BEGIN

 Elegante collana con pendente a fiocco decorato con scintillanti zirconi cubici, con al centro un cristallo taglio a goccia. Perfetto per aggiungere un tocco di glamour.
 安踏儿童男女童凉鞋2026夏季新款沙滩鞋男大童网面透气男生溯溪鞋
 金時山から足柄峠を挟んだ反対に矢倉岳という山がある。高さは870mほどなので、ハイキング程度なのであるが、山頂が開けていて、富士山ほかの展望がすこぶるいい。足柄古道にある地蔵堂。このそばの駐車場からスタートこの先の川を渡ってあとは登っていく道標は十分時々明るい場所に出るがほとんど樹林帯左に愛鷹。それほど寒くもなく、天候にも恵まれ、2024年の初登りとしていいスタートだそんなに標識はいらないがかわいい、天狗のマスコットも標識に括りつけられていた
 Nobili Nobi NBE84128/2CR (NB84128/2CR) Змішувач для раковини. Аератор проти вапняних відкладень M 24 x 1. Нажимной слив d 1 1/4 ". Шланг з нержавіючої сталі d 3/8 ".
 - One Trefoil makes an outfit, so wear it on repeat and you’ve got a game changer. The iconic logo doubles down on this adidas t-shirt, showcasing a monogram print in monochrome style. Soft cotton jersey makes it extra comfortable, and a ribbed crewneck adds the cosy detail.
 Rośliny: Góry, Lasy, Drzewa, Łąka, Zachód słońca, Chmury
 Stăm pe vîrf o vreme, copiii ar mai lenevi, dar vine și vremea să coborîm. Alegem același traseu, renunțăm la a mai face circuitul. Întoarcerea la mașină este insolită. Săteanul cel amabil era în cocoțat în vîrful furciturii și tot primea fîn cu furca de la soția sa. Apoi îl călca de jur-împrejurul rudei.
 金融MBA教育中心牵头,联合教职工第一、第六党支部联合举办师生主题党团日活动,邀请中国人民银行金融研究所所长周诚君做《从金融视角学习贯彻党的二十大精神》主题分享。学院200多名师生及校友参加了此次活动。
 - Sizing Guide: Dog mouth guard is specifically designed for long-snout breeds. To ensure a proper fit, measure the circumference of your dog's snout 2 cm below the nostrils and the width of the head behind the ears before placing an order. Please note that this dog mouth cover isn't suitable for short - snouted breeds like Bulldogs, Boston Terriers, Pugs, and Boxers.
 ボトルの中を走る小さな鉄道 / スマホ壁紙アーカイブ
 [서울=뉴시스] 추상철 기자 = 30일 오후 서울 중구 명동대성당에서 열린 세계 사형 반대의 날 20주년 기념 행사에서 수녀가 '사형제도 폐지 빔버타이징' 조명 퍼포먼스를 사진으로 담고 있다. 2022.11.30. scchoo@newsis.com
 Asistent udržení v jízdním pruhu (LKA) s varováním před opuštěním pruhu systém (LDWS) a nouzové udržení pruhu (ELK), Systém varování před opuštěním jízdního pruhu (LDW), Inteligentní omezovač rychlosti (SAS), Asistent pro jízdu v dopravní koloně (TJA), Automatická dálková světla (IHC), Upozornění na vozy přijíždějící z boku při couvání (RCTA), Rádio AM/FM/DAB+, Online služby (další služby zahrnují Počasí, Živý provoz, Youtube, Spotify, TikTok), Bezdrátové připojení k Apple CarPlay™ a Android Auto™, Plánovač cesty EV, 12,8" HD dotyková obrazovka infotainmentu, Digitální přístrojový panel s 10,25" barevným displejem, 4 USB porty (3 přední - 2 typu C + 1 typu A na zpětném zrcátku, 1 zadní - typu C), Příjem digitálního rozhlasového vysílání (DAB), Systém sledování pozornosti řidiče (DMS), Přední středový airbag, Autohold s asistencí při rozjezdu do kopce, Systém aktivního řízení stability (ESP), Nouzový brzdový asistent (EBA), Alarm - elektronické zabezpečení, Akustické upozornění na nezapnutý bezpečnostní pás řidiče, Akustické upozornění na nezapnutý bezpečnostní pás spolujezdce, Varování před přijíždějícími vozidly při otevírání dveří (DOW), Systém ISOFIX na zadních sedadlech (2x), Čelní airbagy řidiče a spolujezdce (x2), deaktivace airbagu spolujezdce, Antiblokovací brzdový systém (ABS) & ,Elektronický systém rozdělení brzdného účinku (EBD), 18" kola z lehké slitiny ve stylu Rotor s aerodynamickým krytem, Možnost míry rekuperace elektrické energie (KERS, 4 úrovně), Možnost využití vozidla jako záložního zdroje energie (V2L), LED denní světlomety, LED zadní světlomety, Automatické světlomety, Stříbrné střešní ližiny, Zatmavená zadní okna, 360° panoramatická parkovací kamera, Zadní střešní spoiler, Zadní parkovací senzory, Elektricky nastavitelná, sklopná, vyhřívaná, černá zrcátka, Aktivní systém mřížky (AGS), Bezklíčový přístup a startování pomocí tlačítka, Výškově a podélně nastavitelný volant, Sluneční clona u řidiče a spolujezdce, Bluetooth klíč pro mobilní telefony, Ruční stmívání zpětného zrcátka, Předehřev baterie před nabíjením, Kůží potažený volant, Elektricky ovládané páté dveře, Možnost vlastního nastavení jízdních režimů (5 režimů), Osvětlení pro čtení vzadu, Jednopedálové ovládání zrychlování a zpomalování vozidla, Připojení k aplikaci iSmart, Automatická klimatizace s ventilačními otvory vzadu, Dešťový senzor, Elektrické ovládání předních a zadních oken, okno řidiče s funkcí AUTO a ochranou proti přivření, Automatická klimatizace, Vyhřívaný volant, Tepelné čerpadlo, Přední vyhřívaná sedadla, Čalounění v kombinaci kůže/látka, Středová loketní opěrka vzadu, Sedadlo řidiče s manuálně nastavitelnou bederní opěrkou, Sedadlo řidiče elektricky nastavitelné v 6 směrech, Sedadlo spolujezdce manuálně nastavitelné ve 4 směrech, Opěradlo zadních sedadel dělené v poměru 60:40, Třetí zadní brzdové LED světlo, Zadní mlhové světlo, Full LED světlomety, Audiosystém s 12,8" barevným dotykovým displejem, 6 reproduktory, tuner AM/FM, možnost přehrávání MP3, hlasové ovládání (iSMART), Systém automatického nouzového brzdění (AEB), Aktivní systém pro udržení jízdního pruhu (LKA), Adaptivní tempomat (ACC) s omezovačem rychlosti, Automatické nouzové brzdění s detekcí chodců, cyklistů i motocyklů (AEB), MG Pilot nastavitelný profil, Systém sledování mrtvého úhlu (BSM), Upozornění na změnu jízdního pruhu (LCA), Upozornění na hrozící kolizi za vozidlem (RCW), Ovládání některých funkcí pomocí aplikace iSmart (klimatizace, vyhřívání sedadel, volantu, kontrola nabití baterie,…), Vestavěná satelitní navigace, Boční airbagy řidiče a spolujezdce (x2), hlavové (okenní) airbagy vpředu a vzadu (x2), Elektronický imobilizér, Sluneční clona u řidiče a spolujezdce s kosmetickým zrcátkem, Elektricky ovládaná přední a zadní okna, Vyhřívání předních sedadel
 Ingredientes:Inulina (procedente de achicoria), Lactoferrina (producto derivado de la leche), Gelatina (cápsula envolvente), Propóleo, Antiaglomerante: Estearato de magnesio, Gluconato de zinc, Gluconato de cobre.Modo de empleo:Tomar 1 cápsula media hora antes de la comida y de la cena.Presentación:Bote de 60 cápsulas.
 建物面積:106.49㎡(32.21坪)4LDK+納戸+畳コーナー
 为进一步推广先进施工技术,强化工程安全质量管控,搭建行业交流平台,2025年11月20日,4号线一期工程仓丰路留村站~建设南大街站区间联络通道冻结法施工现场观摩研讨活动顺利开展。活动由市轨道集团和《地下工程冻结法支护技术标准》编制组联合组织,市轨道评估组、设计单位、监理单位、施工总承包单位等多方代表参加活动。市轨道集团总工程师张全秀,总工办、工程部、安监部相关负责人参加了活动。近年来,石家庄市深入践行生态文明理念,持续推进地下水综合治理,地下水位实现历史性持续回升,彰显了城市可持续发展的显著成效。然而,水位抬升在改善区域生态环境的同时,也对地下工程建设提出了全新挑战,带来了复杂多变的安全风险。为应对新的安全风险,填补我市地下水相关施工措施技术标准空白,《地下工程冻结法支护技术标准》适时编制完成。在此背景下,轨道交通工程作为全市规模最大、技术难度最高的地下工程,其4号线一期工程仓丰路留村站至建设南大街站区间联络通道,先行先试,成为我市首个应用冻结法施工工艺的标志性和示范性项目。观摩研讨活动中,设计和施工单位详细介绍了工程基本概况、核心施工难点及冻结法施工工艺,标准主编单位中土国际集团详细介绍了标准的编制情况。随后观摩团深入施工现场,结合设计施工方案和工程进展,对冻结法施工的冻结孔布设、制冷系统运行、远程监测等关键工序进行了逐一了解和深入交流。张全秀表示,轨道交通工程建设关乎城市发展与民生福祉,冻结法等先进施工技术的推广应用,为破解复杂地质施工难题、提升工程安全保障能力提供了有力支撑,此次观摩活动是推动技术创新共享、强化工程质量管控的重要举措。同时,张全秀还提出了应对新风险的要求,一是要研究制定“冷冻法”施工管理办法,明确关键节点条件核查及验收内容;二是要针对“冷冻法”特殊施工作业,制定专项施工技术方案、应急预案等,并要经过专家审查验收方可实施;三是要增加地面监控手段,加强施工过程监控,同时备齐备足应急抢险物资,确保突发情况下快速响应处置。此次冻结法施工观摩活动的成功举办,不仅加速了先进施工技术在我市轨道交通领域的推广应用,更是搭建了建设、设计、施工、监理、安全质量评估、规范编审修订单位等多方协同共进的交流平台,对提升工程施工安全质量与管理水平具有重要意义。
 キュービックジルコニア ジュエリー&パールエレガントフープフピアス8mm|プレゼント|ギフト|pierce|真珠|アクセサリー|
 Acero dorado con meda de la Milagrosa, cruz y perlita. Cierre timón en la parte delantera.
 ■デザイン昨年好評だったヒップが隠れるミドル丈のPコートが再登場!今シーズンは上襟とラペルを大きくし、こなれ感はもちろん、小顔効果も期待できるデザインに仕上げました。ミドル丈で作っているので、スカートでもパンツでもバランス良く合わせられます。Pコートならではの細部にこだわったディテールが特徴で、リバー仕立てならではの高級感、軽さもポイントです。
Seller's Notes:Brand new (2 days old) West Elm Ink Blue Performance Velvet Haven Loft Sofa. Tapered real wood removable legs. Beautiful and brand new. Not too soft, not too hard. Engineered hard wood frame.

END

Go through the data above and copy each line in which "this" appears.

# Reply to the task:
 - One Trefoil makes an outfit, so wear it on repeat and you’ve got a game changer. The iconic logo doubles down on this adidas t-shirt, showcasing a monogram print in monochrome style. Soft cotton jersey makes it extra comfortable, and a ribbed crewneck adds the cosy detail.
 - Sizing Guide: Dog mouth guard is specifically designed for long-snout breeds. To ensure a proper fit, measure the circumference of your dog's snout 2 cm below the nostrils and the width of the head behind the ears before placing an order. Please note that this dog mouth cover isn't suitable for short - snouted breeds like Bulldogs, Boston Terriers, Pugs, and Boxers.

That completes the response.